Start of DATA
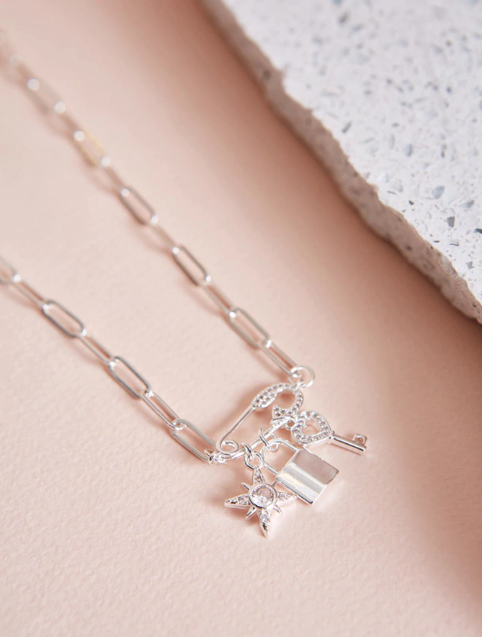 Collar con eslabón y dijes con alfiler de gancho
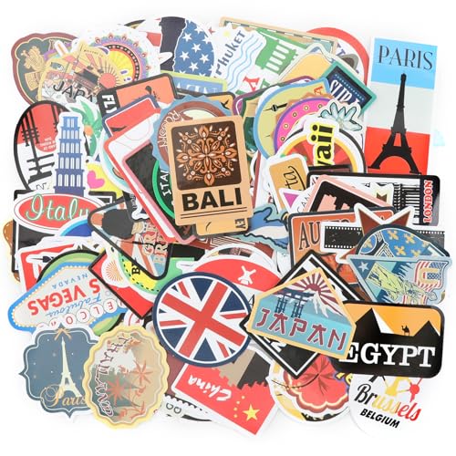 100 st högkvalitativa reseklistermärken - färgglada dekaler för resväska, bärbar dator, motorcykel, cykel, gitarr och klippbokning - vinyldekaler med realistiska detaljer
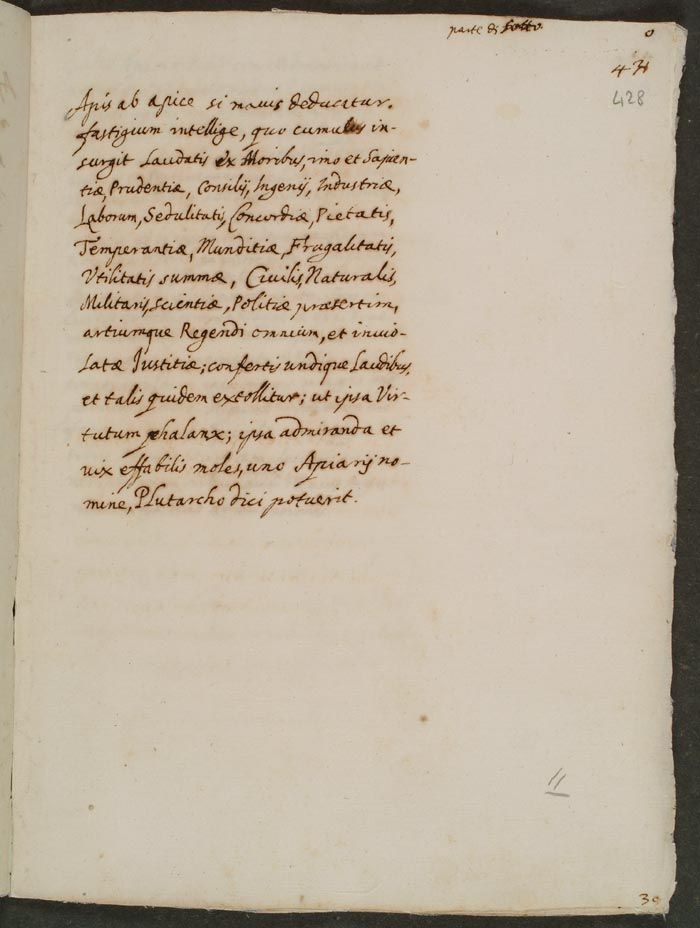 Se preferisci, il nome di ape si faccia discendere da apex, e con quel termine intendi il fastigio cui giunge il cumulo originato dalla lode dei costumi, anzi della sapienza, della prudenza, del consiglio, del comando, dell'operosità, della concordia, della pietà, della temperanza, della purezza, della frugalità, della somma utilità, della scienza civile e naturale, particolarmente della costituzione dello stato, delle arti. Da ogni parte lodata, si celebra così che tale falange di virtù e la dimensione stessa, degna di stupore e a malapena descrivibile, Plutarco poté definire con il solo nome di «apiarium».
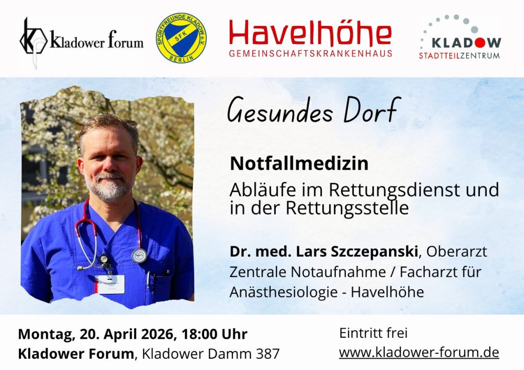 Unser jüngstes Gemeinschafts-Projekt ist, zusammen mit dem Krankenhaus Havelhöhe, die Reihe >> Gesundes Dorf <<. Hier haben Sie und wir alle innerhalb von Vorträgen und Gesprächen zu verschiedenen Gesundheitsthemen die Möglichkeit, Fragen zu stellen, mit zu diskutieren oder sich einfach „nur“ zu informieren – immer am dritten Montag des Monats, Start jeweils um 18 Uhr im Kladower Forum, Kladower Damm 387 und neu – vereinzelt auch im Stadtteilzentrum Kladow, Sakrower Landstraße 3 – bitte stets auf die aktuellen Aushänge achten.
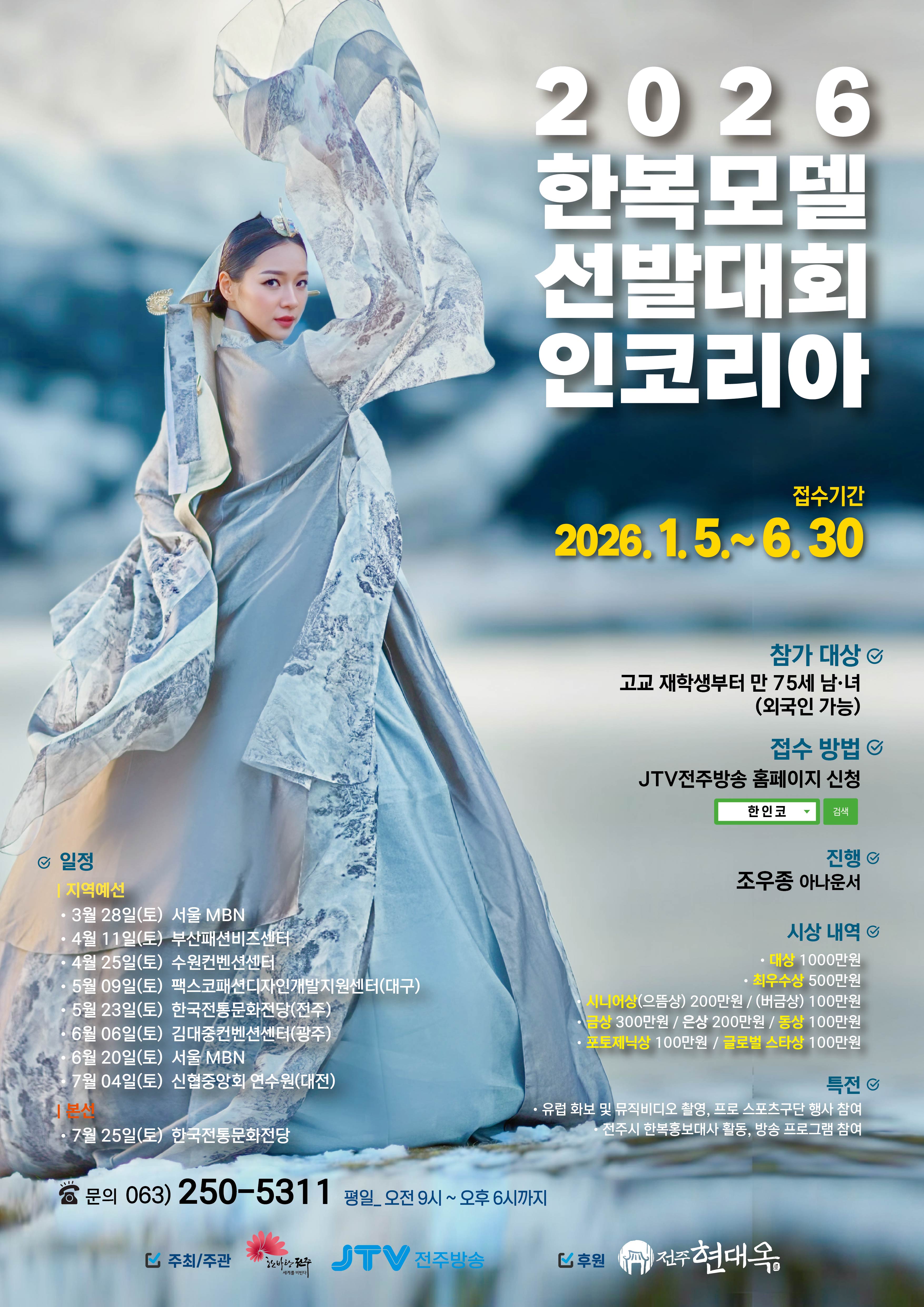 전주시와 JTV전주방송이 공동 주관하는 '2026 한복모델선발대회인코리아'에 현대옥이 재작년과 작년에 이어 올해도 협찬 참여합니다.
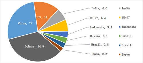 圖:2019年全球溫室氣體排放各國占比(%)
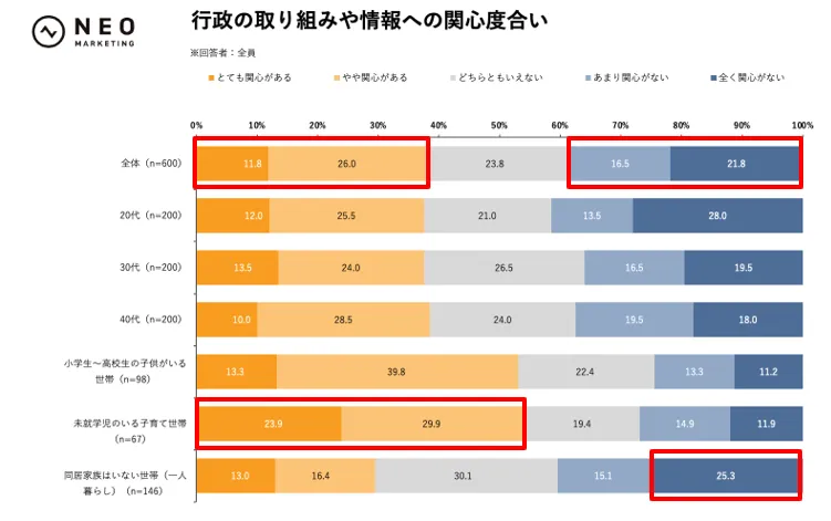 広報紙を読まない理由の中で最も多かったのは「存在を知らなかった」という回答で、32.0%と高い数字を示しています。特に20代の若年層では39.5%がこの理由を挙げており、認知度の低さが課題であることが浮き彫りになっています。対照的に、子育て世帯では関心層が53.8%と非常に高く、政府からの情報が直接的な生活に影響を与えることが、関心を促進していると考えられます。
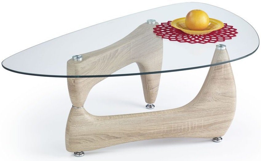 Herlig sofabord med et moderne design. Bordplaten er laget av klarglass og underdelen er i MFP (premium treplate) med et herlig eikelaminat.
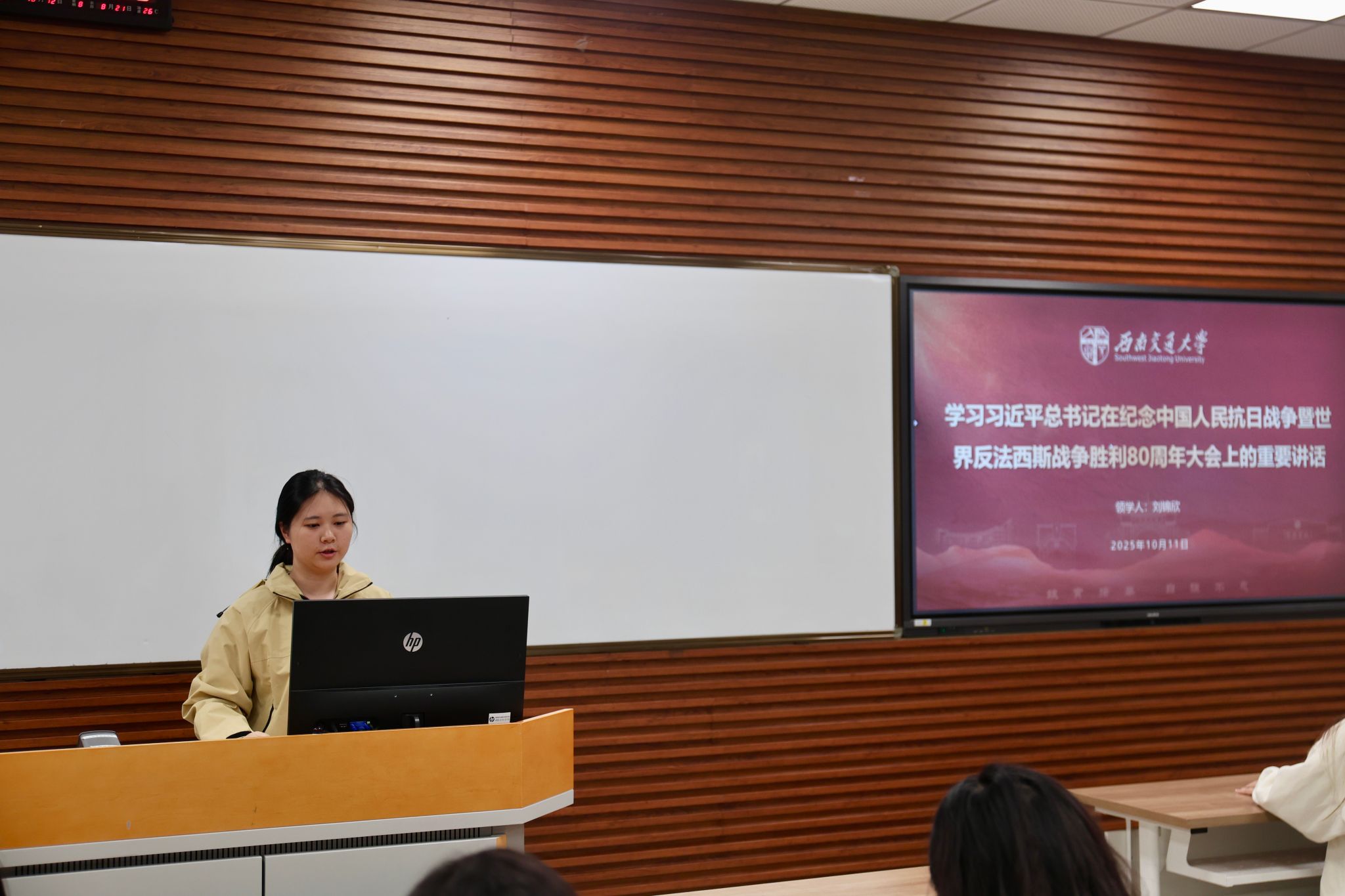 学生会于2025年10月12日下午在X1201开展主题为“学习习近平总书记在纪念中国人民抗日战争暨世界反法西斯战争胜利80周年大会上的重要讲话”的政治学习暨全员大会。本次学习由智慧城市与交通学生会主席团候选人刘锦欣领学,指导老师魏岚与学生会全体成员参加。
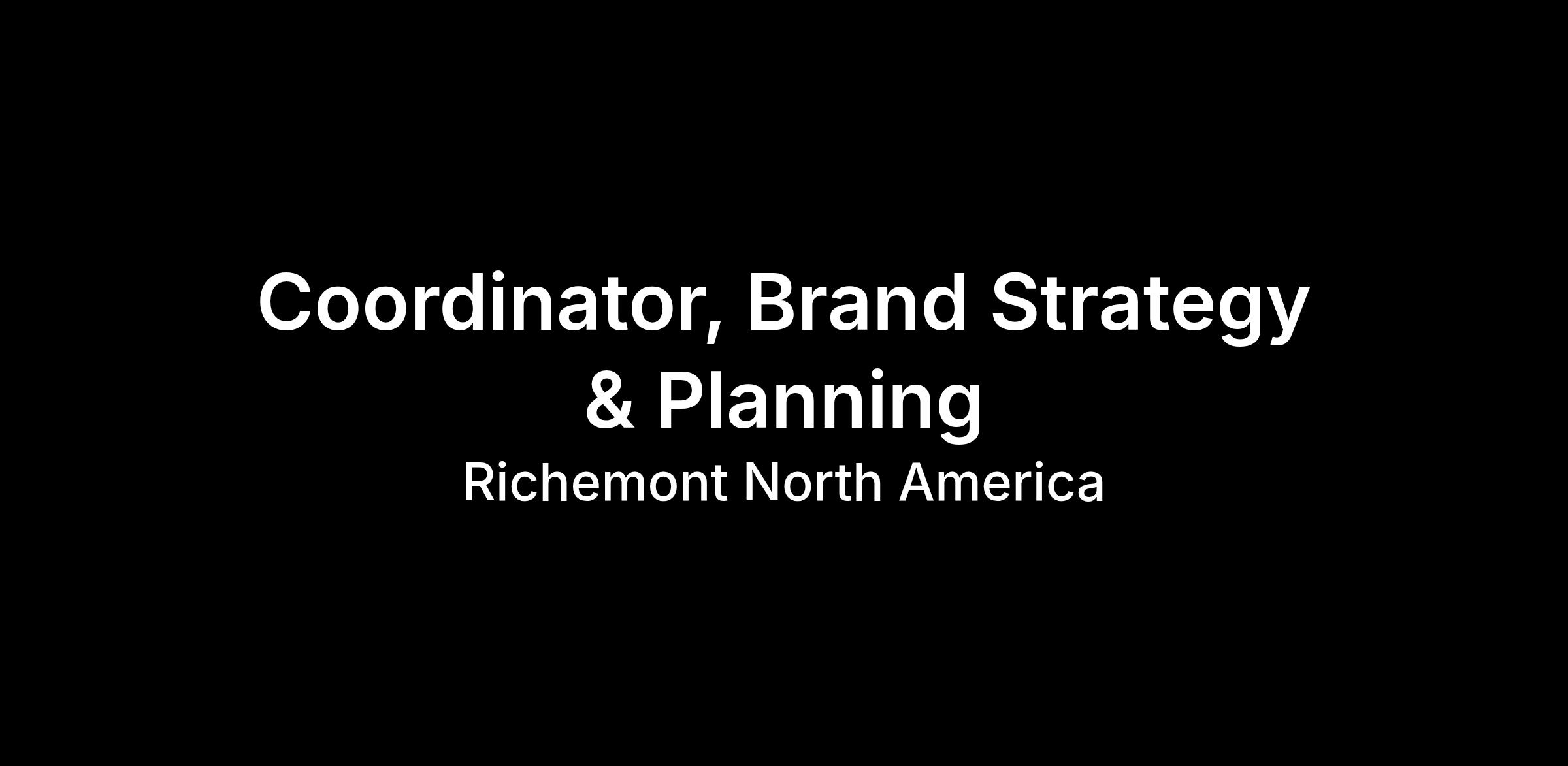 The Coordinator, Brand Strategy & Planning is responsible for supporting the Brand Strategy and Planning team through the development of strategic initiatives and projects to achieve the business and branding goals of Cartier North America. This role will support day-to-day project management responsibilities for key projects, working closely with cross-functional teams.
End of DATA
YOUR INSTRUCTIONS =>
All the lines above need to be repeated exactly, with no pictures carried over.

WRITTEN ANSWER =>
 Collar con eslabón y dijes con alfiler de gancho
 100 st högkvalitativa reseklistermärken - färgglada dekaler för resväska, bärbar dator, motorcykel, cykel, gitarr och klippbokning - vinyldekaler med realistiska detaljer
 Se preferisci, il nome di ape si faccia discendere da apex, e con quel termine intendi il fastigio cui giunge il cumulo originato dalla lode dei costumi, anzi della sapienza, della prudenza, del consiglio, del comando, dell'operosità, della concordia, della pietà, della temperanza, della purezza, della frugalità, della somma utilità, della scienza civile e naturale, particolarmente della costituzione dello stato, delle arti. Da ogni parte lodata, si celebra così che tale falange di virtù e la dimensione stessa, degna di stupore e a malapena descrivibile, Plutarco poté definire con il solo nome di «apiarium».
 Unser jüngstes Gemeinschafts-Projekt ist, zusammen mit dem Krankenhaus Havelhöhe, die Reihe >> Gesundes Dorf <<. Hier haben Sie und wir alle innerhalb von Vorträgen und Gesprächen zu verschiedenen Gesundheitsthemen die Möglichkeit, Fragen zu stellen, mit zu diskutieren oder sich einfach „nur“ zu informieren – immer am dritten Montag des Monats, Start jeweils um 18 Uhr im Kladower Forum, Kladower Damm 387 und neu – vereinzelt auch im Stadtteilzentrum Kladow, Sakrower Landstraße 3 – bitte stets auf die aktuellen Aushänge achten.
 전주시와 JTV전주방송이 공동 주관하는 '2026 한복모델선발대회인코리아'에 현대옥이 재작년과 작년에 이어 올해도 협찬 참여합니다.
 圖:2019年全球溫室氣體排放各國占比(%)
 広報紙を読まない理由の中で最も多かったのは「存在を知らなかった」という回答で、32.0%と高い数字を示しています。特に20代の若年層では39.5%がこの理由を挙げており、認知度の低さが課題であることが浮き彫りになっています。対照的に、子育て世帯では関心層が53.8%と非常に高く、政府からの情報が直接的な生活に影響を与えることが、関心を促進していると考えられます。
 Herlig sofabord med et moderne design. Bordplaten er laget av klarglass og underdelen er i MFP (premium treplate) med et herlig eikelaminat.
 学生会于2025年10月12日下午在X1201开展主题为“学习习近平总书记在纪念中国人民抗日战争暨世界反法西斯战争胜利80周年大会上的重要讲话”的政治学习暨全员大会。本次学习由智慧城市与交通学生会主席团候选人刘锦欣领学,指导老师魏岚与学生会全体成员参加。
 The Coordinator, Brand Strategy & Planning is responsible for supporting the Brand Strategy and Planning team through the development of strategic initiatives and projects to achieve the business and branding goals of Cartier North America. This role will support day-to-day project management responsibilities for key projects, working closely with cross-functional teams.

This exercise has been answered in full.